Experimental program
Comparison scheme
Effect test

Embodiment 1

[0075] TYRP1 gene cloning and sequencing

[0076] 1> RNA extraction

[0077] The RNeasy Mini kit was used to extract total RNA from giant salamander skin tissue, and all precautions for RNA manipulation were strictly followed throughout the process. Unless otherwise specified, all steps were performed at room temperature.

[0078] 2> cDNA first strand synthesis

[0079] Total RNA was reverse transcribed using the RevertAid cDNA Synthesize Kit. Unless otherwise specified, the following steps are performed on ice.

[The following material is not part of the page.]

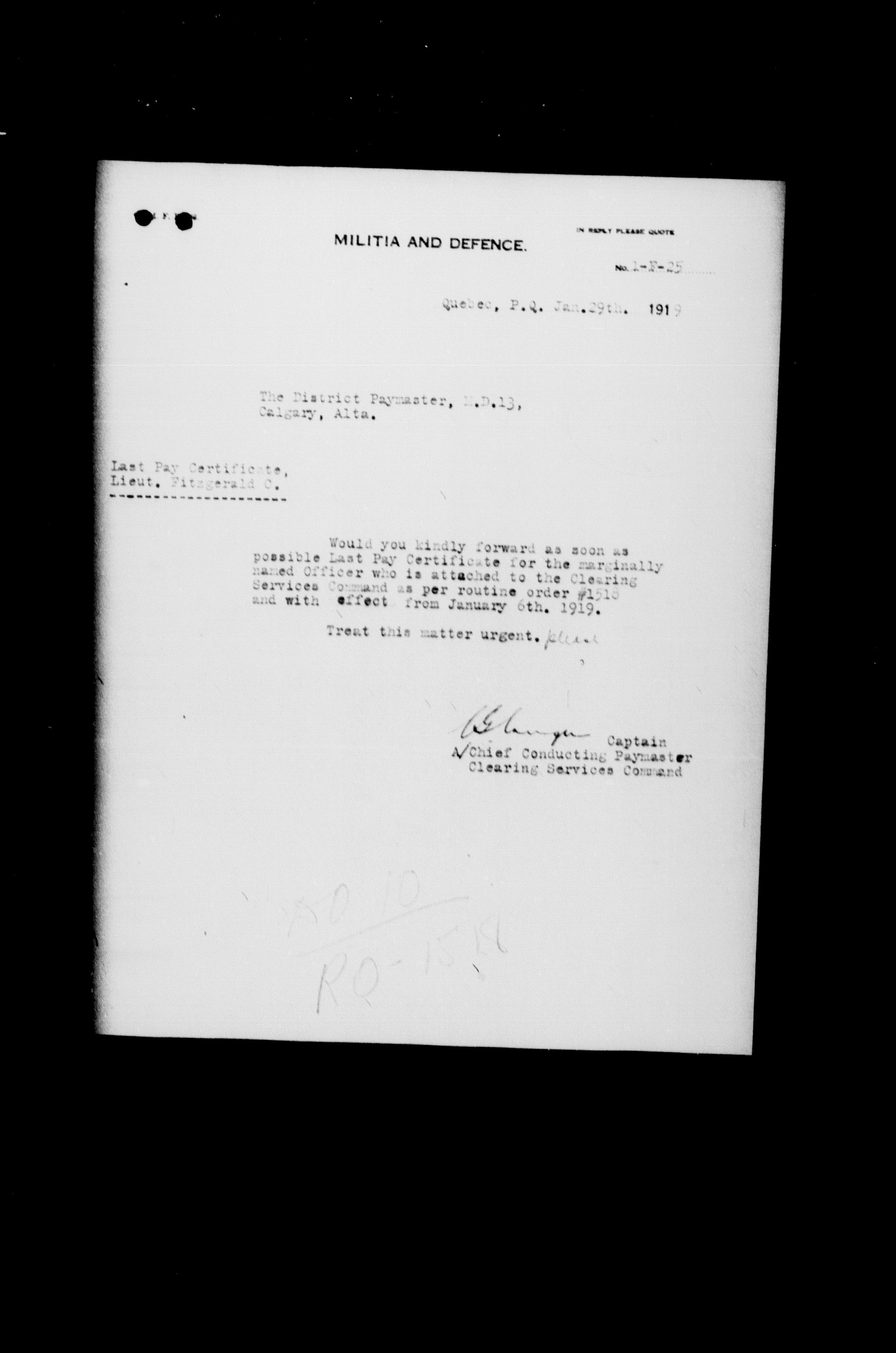 Militia and Defence personnel files, (1870-1948) - 17656

[0080] (1) In an RNase-Free 0.5 μL centrifuge tube, add 2 μg (2-4 μL) of total RNA, 1 μL of oligoDT(18) primer, and add DEPC-treated water to 12 μL.

[0081] (2) Incubate at 65°C for 5 minutes, cool on ice, and centrifuge briefly.

[0082] (3) Add the following components: 2 μL of 5× buffer, 1 μL of RNase inhibitor, 1 μL of 10 mM dNTP mix, and 1 μL of reverse transcriptase.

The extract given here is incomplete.